(EXERCISE PROMPT):
What you return must be the full data, repeated verbatim, with no pictures in it.

--- START ---

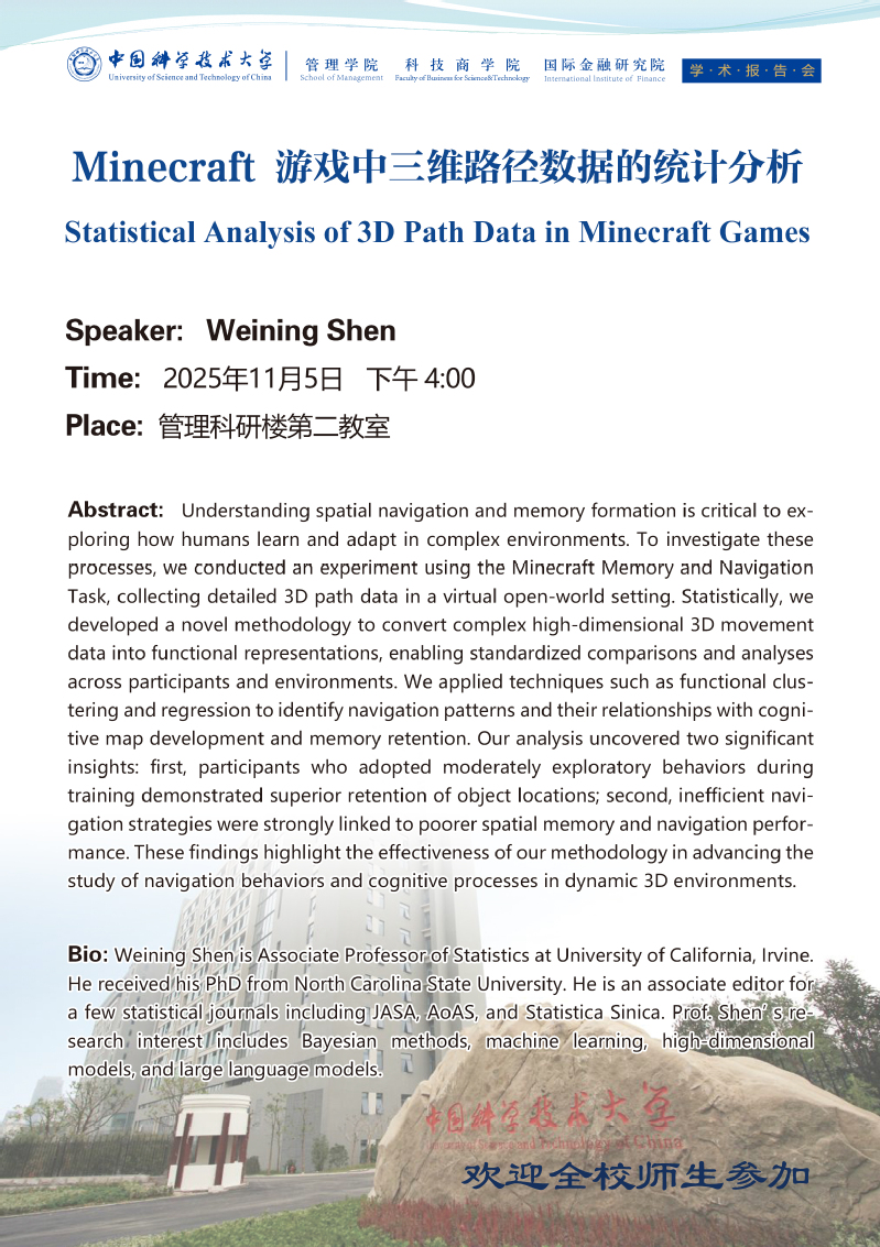 学术报告会 | Minecraft 游戏中三维路径数据的统计分析
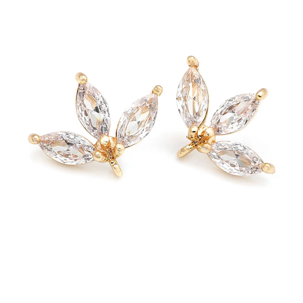 4PCS 18K Gold Color Brass with Zircon Tree Leaf Leaves Stud Earrings Pins High Quality Diy Jewelry Making Supplies for Women
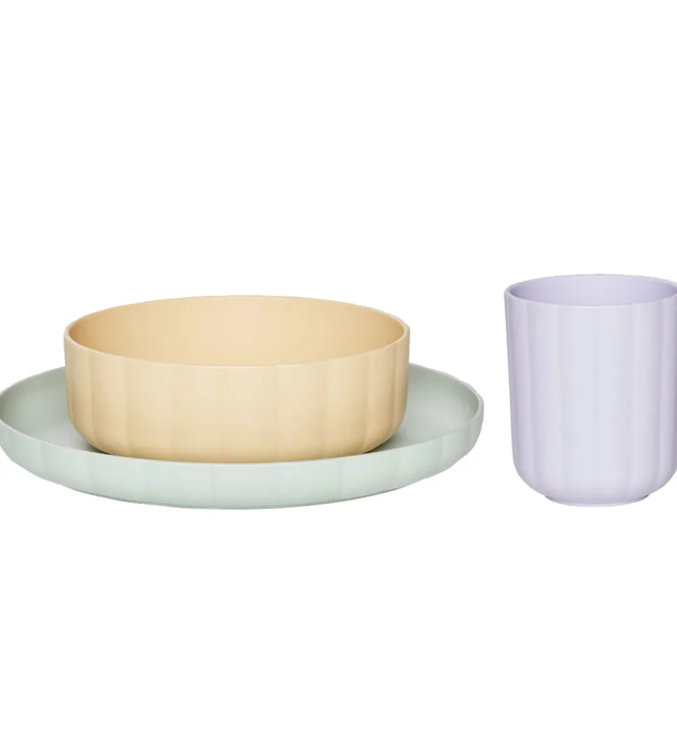 Fint OYOY spisesæt med en mintgrøn tallerken, en vaniljehvid skål og en lavendellilla kop.
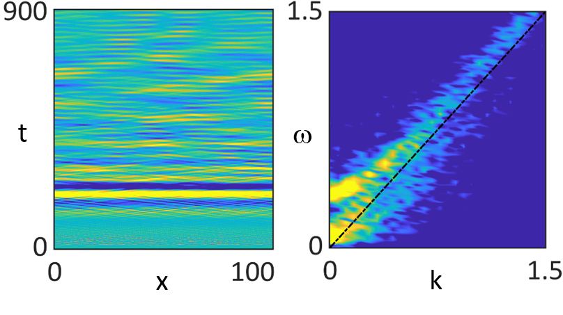 磁場の時間空間発展(左)と周波数-波数スペクトル(右)
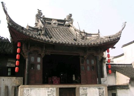 修真觀古戲臺(tái)是道觀的附屬建筑,建于清乾隆十四年(1749),與修真觀一樣屢遭毀損,但民國(guó)八年(1919)年修繕后,便一直保持至今。戲臺(tái)占地204平方米,北隔觀前街與修真觀相對(duì),南臨東市河,東倚興華橋。戲臺(tái)為歇山式屋頂,飛檐翹角,莊重中透著秀逸。梁柱之間的雀替均為精致的木雕,藝術(shù)價(jià)值極高。臺(tái)為兩層,底層用磚石圍砌 ,進(jìn)出有邊門和前門。邊門通河埠,底層后部有小梯通樓臺(tái),亦可通過(guò)翻板門從河埠下到船里。樓臺(tái)分前后兩部分,后部是化妝室,雕花矮窗,寬敞明亮;前部是戲臺(tái),正對(duì)廣場(chǎng)。
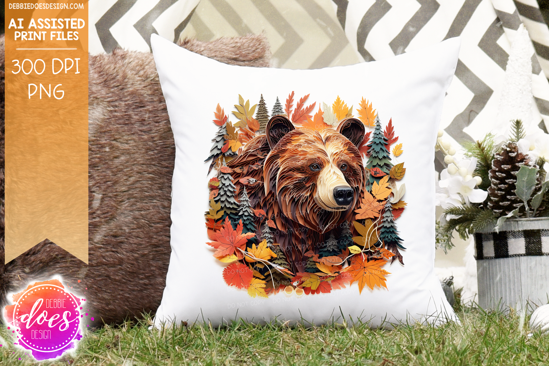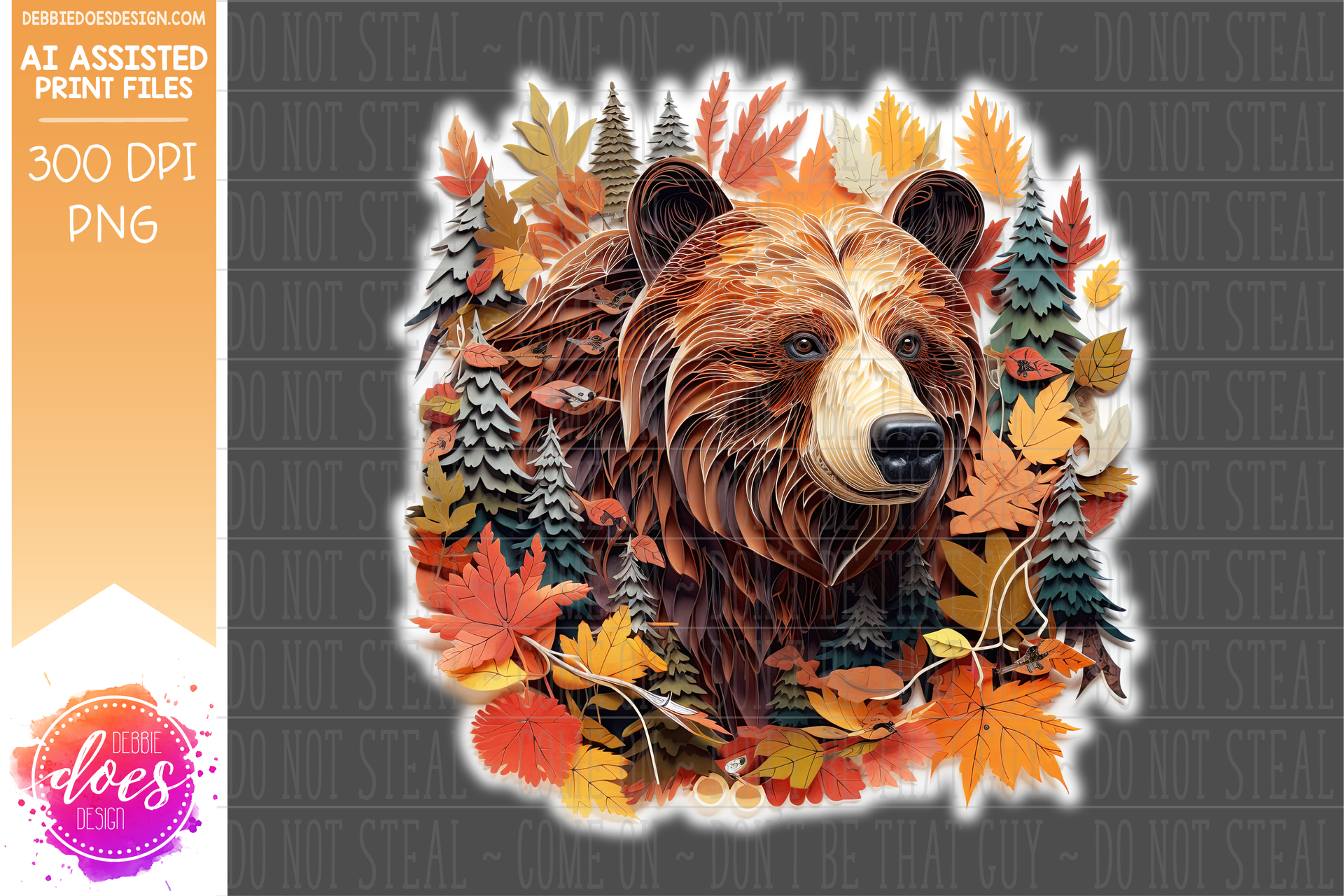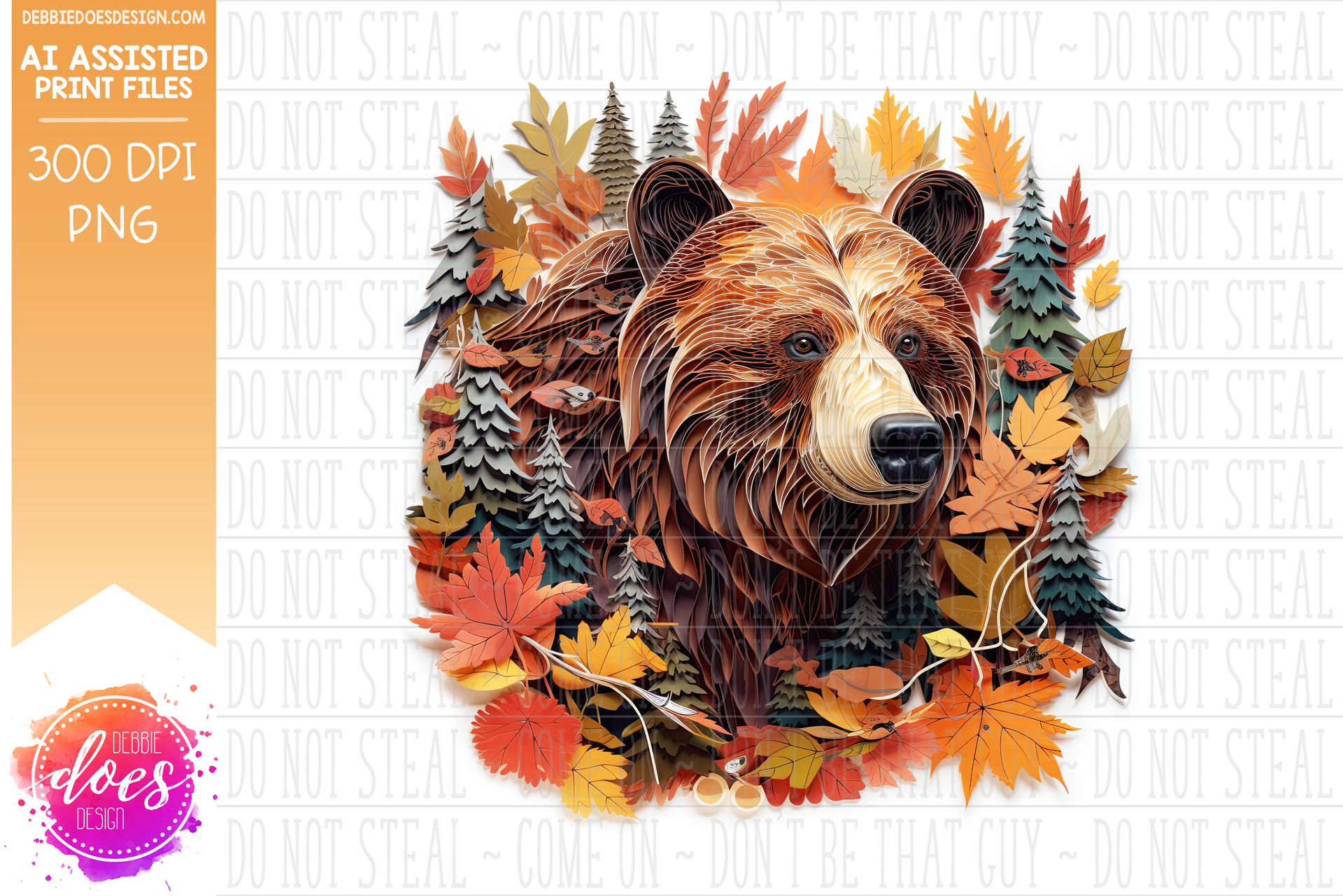 Paper Art - Brown Bear Fall Leaves - White Glow - Design Elements
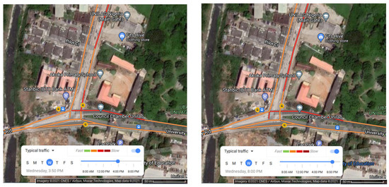 Typical traffic on a Wednesday at 4 p.m. (left) and 8 p.m. (right) on roads leading to the university gate house. Adapted from Google Maps (accessed on 24 August 2021).
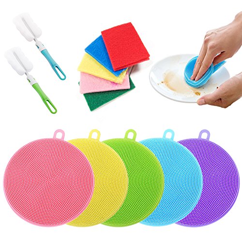 12 Pack Fruit Vegetable Washer Heat Insulation Pad Set, 5 Antibacterial Silicone Dish Scrubber Dishwashing Cleaning Brush and 5 Scouring Pads and 2 Cup...
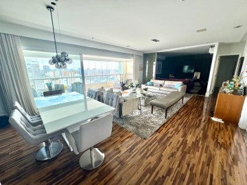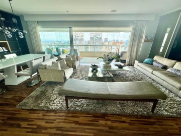 Apartamento para locação com área de 211 metros quadrados, possui 3 dormitórios (sendo 3 suítes), 5 banheiros, e 4 vagas de garagem
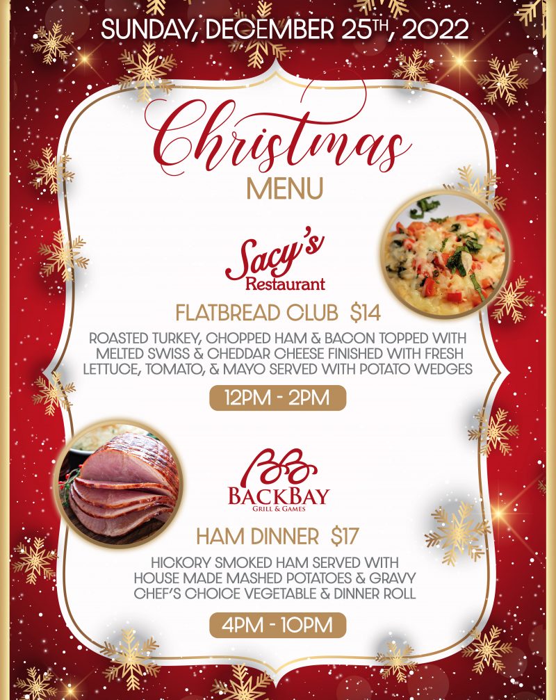 Sacy's will be open until 2pm and the Back Bay will offer a delicious Ham Dinner with all the trimmings.
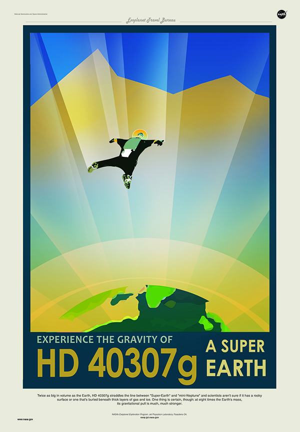 The three posters depict the virtues of traveling to places with names like Kepler-186f, HD 40307g, and Kepler-16b. Kepler-186f orbits a cooler, redder sun than our own, leading NASA to speculate that any plants would be more red than green. Featuring two space-suited explorers and a white picket fence, Kepler-186’s poster boasts the tagline, “Where the Grass is Always Redder on the Other Side!”
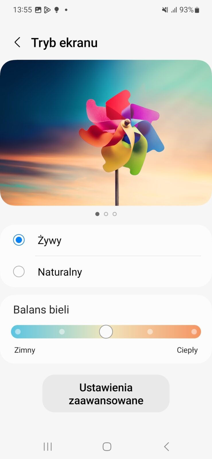 W ustawieniach znajdziemy tryb ciemny dla menu, możliwość zwiększenia czułości dotyku oraz regulacji balansu bieli, nasycenia barw i częstotliwości odświeżania.
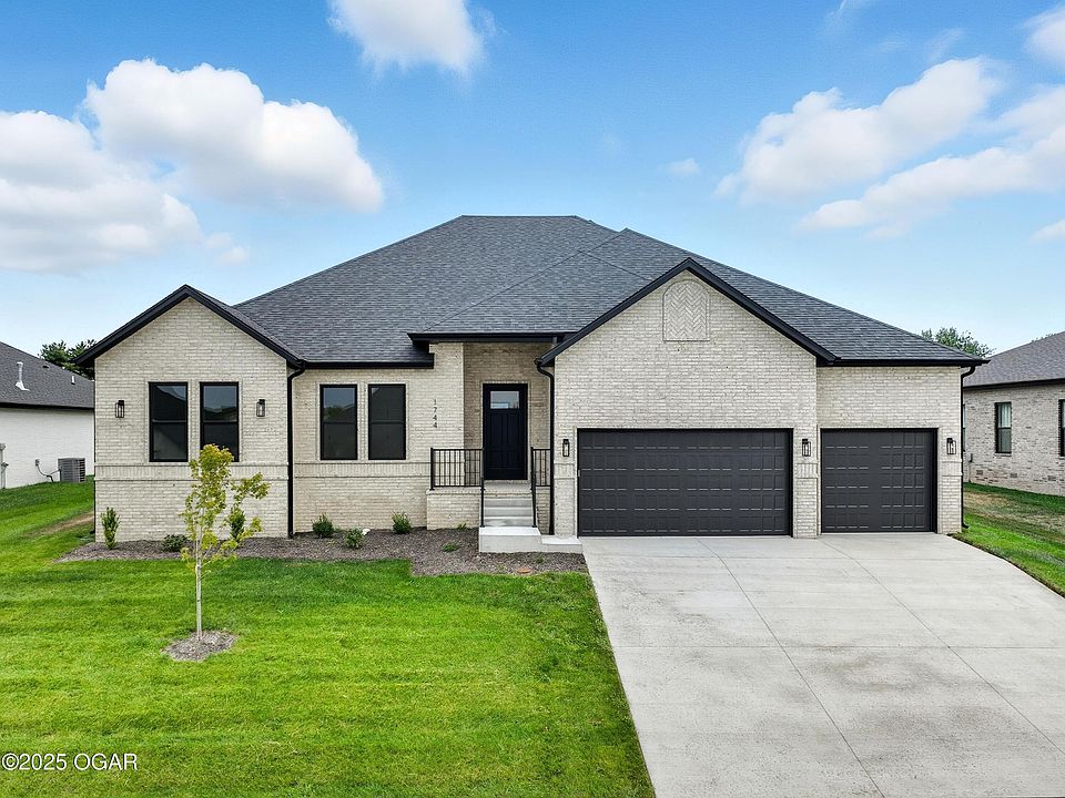 Welcome to this masterfully crafted new construction home by Magda Enterprises, where timeless design and modern comfort come together in the heart of the Ozark School District. From its stately full brick exterior to its thoughtfully curated interior finishes, every detail of this residence has been designed to impress. Inside, the open-concept living space is anchored by a custom-designed fireplace, creating both a focal point and a warm gathering place. The seamless flow leads into a gourmet kitchen that combines style and function with quartz countertops, a coffee bar area, walk-in pantry, and premium soft-close cabinetry designed by Woodhouse Cabinetry. A full suite of appliances completes this culinary haven, making it ready for both quiet mornings and lively entertaining. Throughout the home, engineered hardwood flooring from Missouri Tile adds richness and durability, while expansive windows invite natural light into every room. The four spacious bedrooms provide serene retreats, including a private owner's suite with spa-inspired finishes designed for relaxation. Step outside and enjoy the spacious backyard, where a built-in irrigation system ensures effortless upkeep, leaving more time to savor your surroundings. A 3-car garage offers convenience and ample storage for today's lifestyle. This is more than a home—it's a statement of quality, comfort, and enduring beauty.
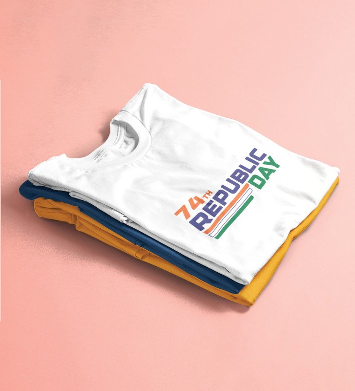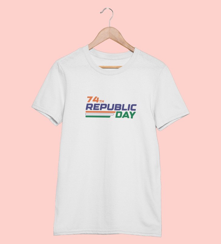 74th Proud Republic Day, White Printed T-Shirts Round Neck for Men
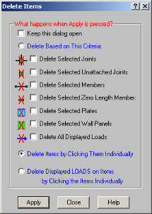 A final choice is to delete loads individually by clicking on the item the load is applied to. Select Delete Displayed LOADS on Items and then click the items (joints, members or plates) whose displayed loads are to be deleted. For example, if you wish to delete certain distributed loads, first use the Loads tab in the Model Display Options to display the loads to be deleted, then choose the Delete Displayed LOADS on Items option and proceed to click on the items to which the loads to be deleted are applied.
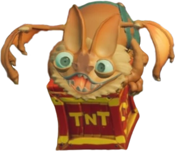 Wumpashine Carriers fly back and forth in a set pattern, attempting to drop either a TNT or nitro crate onto Dingodile's head. They can be defeated with TNT or by jumping on their heads. They appear in Home Cookin', No Dillo Dallying and Run It Bayou.

--- END ---

(THE COMPLETED TASK):
 学术报告会 | Minecraft 游戏中三维路径数据的统计分析
 4PCS 18K Gold Color Brass with Zircon Tree Leaf Leaves Stud Earrings Pins High Quality Diy Jewelry Making Supplies for Women
 Fint OYOY spisesæt med en mintgrøn tallerken, en vaniljehvid skål og en lavendellilla kop.
 磁場の時間空間発展(左)と周波数-波数スペクトル(右)
 修真觀古戲臺(tái)是道觀的附屬建筑,建于清乾隆十四年(1749),與修真觀一樣屢遭毀損,但民國(guó)八年(1919)年修繕后,便一直保持至今。戲臺(tái)占地204平方米,北隔觀前街與修真觀相對(duì),南臨東市河,東倚興華橋。戲臺(tái)為歇山式屋頂,飛檐翹角,莊重中透著秀逸。梁柱之間的雀替均為精致的木雕,藝術(shù)價(jià)值極高。臺(tái)為兩層,底層用磚石圍砌 ,進(jìn)出有邊門和前門。邊門通河埠,底層后部有小梯通樓臺(tái),亦可通過(guò)翻板門從河埠下到船里。樓臺(tái)分前后兩部分,后部是化妝室,雕花矮窗,寬敞明亮;前部是戲臺(tái),正對(duì)廣場(chǎng)。
 Paper Art - Brown Bear Fall Leaves - White Glow - Design Elements
 Typical traffic on a Wednesday at 4 p.m. (left) and 8 p.m. (right) on roads leading to the university gate house. Adapted from Google Maps (accessed on 24 August 2021).
 12 Pack Fruit Vegetable Washer Heat Insulation Pad Set, 5 Antibacterial Silicone Dish Scrubber Dishwashing Cleaning Brush and 5 Scouring Pads and 2 Cup...
 Apartamento para locação com área de 211 metros quadrados, possui 3 dormitórios (sendo 3 suítes), 5 banheiros, e 4 vagas de garagem
 Sacy's will be open until 2pm and the Back Bay will offer a delicious Ham Dinner with all the trimmings.
 The three posters depict the virtues of traveling to places with names like Kepler-186f, HD 40307g, and Kepler-16b. Kepler-186f orbits a cooler, redder sun than our own, leading NASA to speculate that any plants would be more red than green. Featuring two space-suited explorers and a white picket fence, Kepler-186’s poster boasts the tagline, “Where the Grass is Always Redder on the Other Side!”
 W ustawieniach znajdziemy tryb ciemny dla menu, możliwość zwiększenia czułości dotyku oraz regulacji balansu bieli, nasycenia barw i częstotliwości odświeżania.
 Welcome to this masterfully crafted new construction home by Magda Enterprises, where timeless design and modern comfort come together in the heart of the Ozark School District. From its stately full brick exterior to its thoughtfully curated interior finishes, every detail of this residence has been designed to impress. Inside, the open-concept living space is anchored by a custom-designed fireplace, creating both a focal point and a warm gathering place. The seamless flow leads into a gourmet kitchen that combines style and function with quartz countertops, a coffee bar area, walk-in pantry, and premium soft-close cabinetry designed by Woodhouse Cabinetry. A full suite of appliances completes this culinary haven, making it ready for both quiet mornings and lively entertaining. Throughout the home, engineered hardwood flooring from Missouri Tile adds richness and durability, while expansive windows invite natural light into every room. The four spacious bedrooms provide serene retreats, including a private owner's suite with spa-inspired finishes designed for relaxation. Step outside and enjoy the spacious backyard, where a built-in irrigation system ensures effortless upkeep, leaving more time to savor your surroundings. A 3-car garage offers convenience and ample storage for today's lifestyle. This is more than a home—it's a statement of quality, comfort, and enduring beauty.
 74th Proud Republic Day, White Printed T-Shirts Round Neck for Men
 A final choice is to delete loads individually by clicking on the item the load is applied to. Select Delete Displayed LOADS on Items and then click the items (joints, members or plates) whose displayed loads are to be deleted. For example, if you wish to delete certain distributed loads, first use the Loads tab in the Model Display Options to display the loads to be deleted, then choose the Delete Displayed LOADS on Items option and proceed to click on the items to which the loads to be deleted are applied.
 Wumpashine Carriers fly back and forth in a set pattern, attempting to drop either a TNT or nitro crate onto Dingodile's head. They can be defeated with TNT or by jumping on their heads. They appear in Home Cookin', No Dillo Dallying and Run It Bayou.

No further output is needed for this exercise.